This Fucking Guy: Ezra Klein
Ezra Klein, The NY Times' token progressive once again licks his finger and reads the winds wrong.

I expected a lot of bad takes once I heard that Charlie Kirk was shot at a campus event. The right wing and MAGA crowd were gonna go nuts on anyone to the left of Genghis Khan, that's a given (and it happened on all sorts of social media).
And I expected Democratic leaders and electeds to mainly say trite things about how they abhor violence and that this has no place in America.[1]
Both of these did not disappoint.
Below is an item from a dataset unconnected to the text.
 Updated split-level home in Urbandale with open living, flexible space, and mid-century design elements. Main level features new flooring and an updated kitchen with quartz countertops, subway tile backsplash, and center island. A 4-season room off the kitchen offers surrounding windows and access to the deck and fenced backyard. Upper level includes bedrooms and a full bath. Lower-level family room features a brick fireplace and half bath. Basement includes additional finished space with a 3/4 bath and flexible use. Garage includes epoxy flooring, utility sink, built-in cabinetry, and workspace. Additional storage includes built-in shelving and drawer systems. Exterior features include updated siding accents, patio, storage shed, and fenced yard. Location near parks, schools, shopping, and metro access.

Hell, even I had some anodyne words to say:

Mostly that I felt sorry for his young family, and how nothing good would come of this.
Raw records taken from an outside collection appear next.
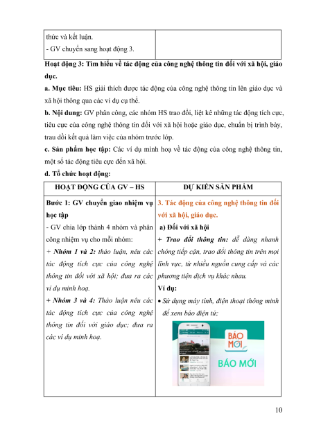 - Giải thích được tác động của công nghệ thông tin lên giáo dục và xã hội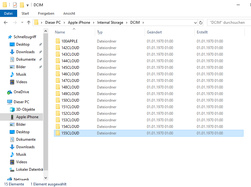 Allerdings müssen Sie iTunes auf Ihrem PC installieren. Da die Fotodaten in einer Reihe angeordnet sind, ist es schwierig, eine große Anzahl von Fotos zu finden. Außerdem wird diese Methode nicht empfohlen, da es häufig zu Fehlern kommt, wenn Fotos vom iPhone auf PC übertragen werden.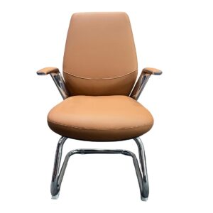 A perfect blend of elegance and comfort, this visitor chair features a luxurious tan leatherette finish and supportive padding. Its fixed sled base ensures durability and a stable sitting posture, ideal for meeting spaces and waiting areas. The chrome armrests add a modern touch while providing support with matching padded tops. Built to complement high-end interiors, this chair enhances your space with both comfort and professionalism.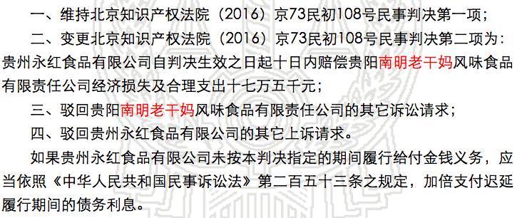 今年5月16日,北京高院作出终审判决,对于贵州永红侵犯贵州老干妈商标行为认可,但仍未支持贵州老干妈经济损失赔偿的请求,并且重新核定贵州老干妈诉讼合理支出费用,变更一审判赔额为17.5万元,驳回双方其他上诉请求。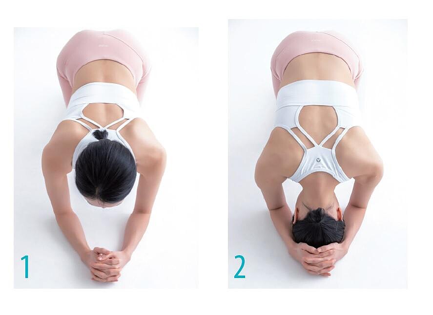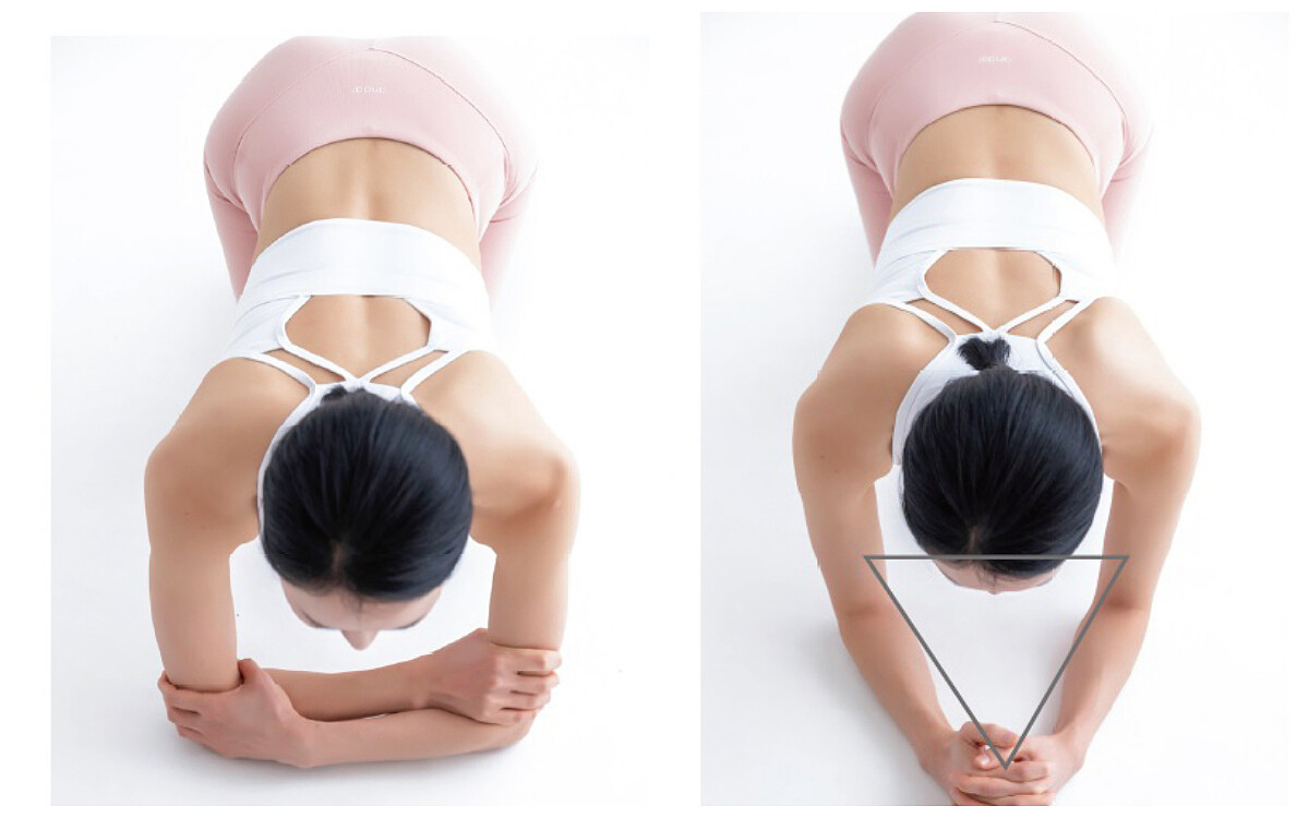 第二個重點是十指緊扣的手的位置和手勢。先維持好打開與肩同寬的兩側手肘位置,雙手十指緊扣後往前推出,會形成三角形。此時,十指緊扣的手在雙手中間做出球形,像是握住杯子一樣, 讓掌根(接近手腕的部位)碰到後腦杓,而非整個手掌包覆住後腦杓。這樣做十指才能緊緊扣住,並支撐住後腦杓,對於抓住重心也會更有助益。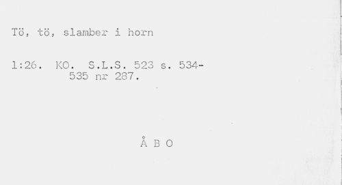 //// J //// Tö, tö, slamber i horn //// 1:26. KO. S.L.S. 523 s. 534- //// 535 nr 287. //// « //// l //// [ //// - //// Å B O //// i ////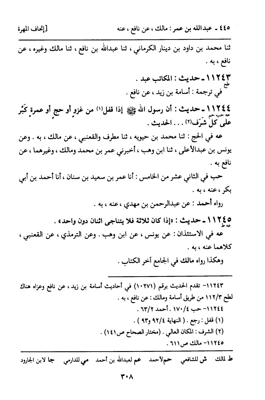 11244 - حَدِيثٌ (عه حب حم) : أَنَّ رَسُولَ اللَّهِ , صَلَّى اللَّهُ عَلَيْهِ وَسَلَّمَ، إِذَا قَفَلَ مِنْ غَزْوٍ أَوْ حَجٍّ أَوْ عُمْرَةً كَبَّرَ عَلَى كُلِّ شَرَفٍ ... الْحَدِيثَ. عه فِي الْحَجِّ: ثنا مُحَمَّدُ بْنُ حَيُّوَيْهِ، ثنا مُطَرِّفٌ وَالْقَعْنَبِيُّ، عَنْ مَالِكٍ، بِهِ. وَعَنْ يُونُسَ بْنِ عَبْدِ الأَعْلَى، ثنا ابْنُ وَهْبٍ، أَخْبَرَنِي عُمَرُ بْنُ مُحَمَّدٍ، وَمَالِكٌ، وَغَيْرُهُمَا، عَنْ نَافِعٍ بِهِ. حب فِي الثَّانِي عَشَرَ مِنَ الْخَامِسِ: أَنَا عُمَرُ بْنُ سَعِيدِ بْنِ سِنَانٍ، أَنَا أَحْمَدُ بْنُ أَبِي بَكْرٍ، عَنْهُ، بِهِ. رَوَاهُ أَحْمَدُ: عَنْ عَبْدِ الرَّحْمَنِ بْنِ مَهْدِيٍّ، عَنْهُ، بِهِ.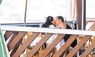 章子怡身穿白上衣和花色短褲,和未婚夫腳踩情侶人字拖,一派輕松地在水上餐廳用餐,席間有說有笑,她還拿相機(jī)朝男友猛拍,并伸手搭上他的肩,2人當(dāng)眾熱吻。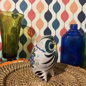 This small yet charming Mexican Tonala Pottery Owl features a lovely blue and white design adorned with pretty flowers in green and blue on an off-white background. Perfect for owl lovers, perch it on a stack of books on a shelf or tabletop for a pop of bohemian decor.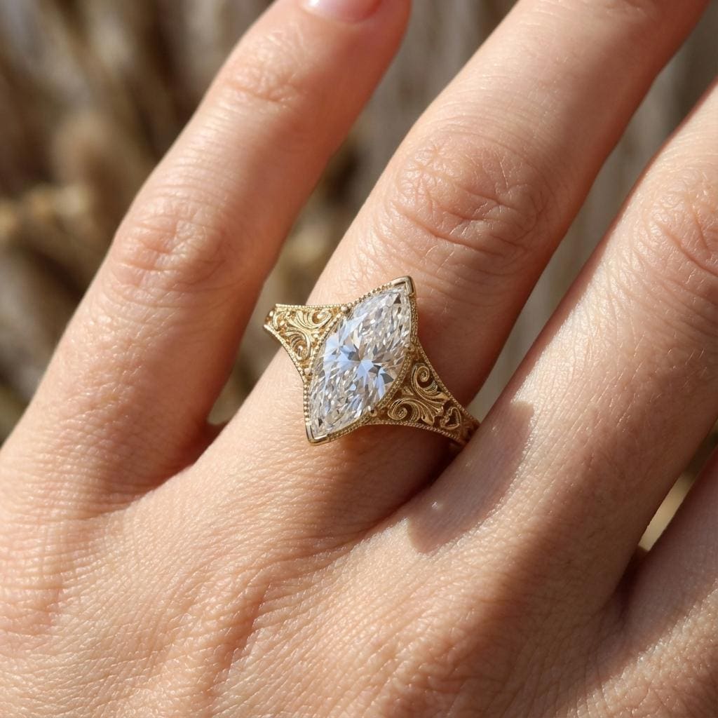 Vintage Marquise Engagement Ring, Solitaire 14k Yellow Gold Filigree Ring, Milgrain Lab Grown Diamond Ring, Art Deco Handmade Rings for Her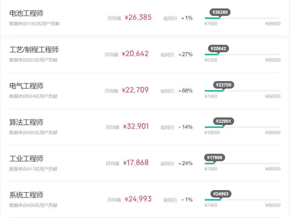 4、高薪职位众多,电池工程师月薪平均26385元、算法工程师平均32901元,系统工程师24993元,都是高薪的代表。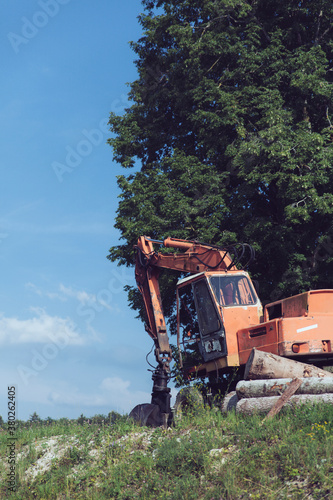work, wood, tree, object, nobody, metal, machinery, machine, large, industry, industrial, hydraulic, heavy, excavation, equipment, digging, shoveling, bulldozer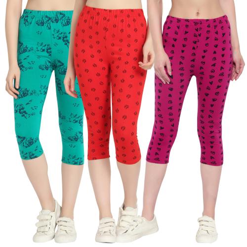 DIAZ Women Printed Pure Cotton Capri | Women's Cotton Capri for Women, Three Fourth for Women Capris Combo of 3, 3/4th Pajama, Womens Night Wear (Pack of 3)

But the next morning, I opened my NY Times feed to this homeless abortion of a title:

Alas, the resident NY Times' "token" progressive was going to beclown himself.[2] I briefly glanced at it on Thursday morning and quickly clicked away. It was chock full of platitudes, and a grudging acknowledgement that Kirk built his following and audience well.
Bollocks.
Klein starts with the litany of political violence, and how corrosive it is. Yeah, nothing edgy there. But what caused me to click away was this 'graph:
You can dislike much of what Kirk believed and the following statement is still true: Kirk was practicing politics in exactly the right way. He was showing up to campuses and talking with anyone who would talk to him. He was one of the era’s most effective practitioners of persuasion. When the left thought its hold on the hearts and minds of college students was nearly absolute, Kirk showed up again and again to break it. Slowly, then all at once, he did. College-age voters shifted sharply right in the 2024 election. (emphasis mine)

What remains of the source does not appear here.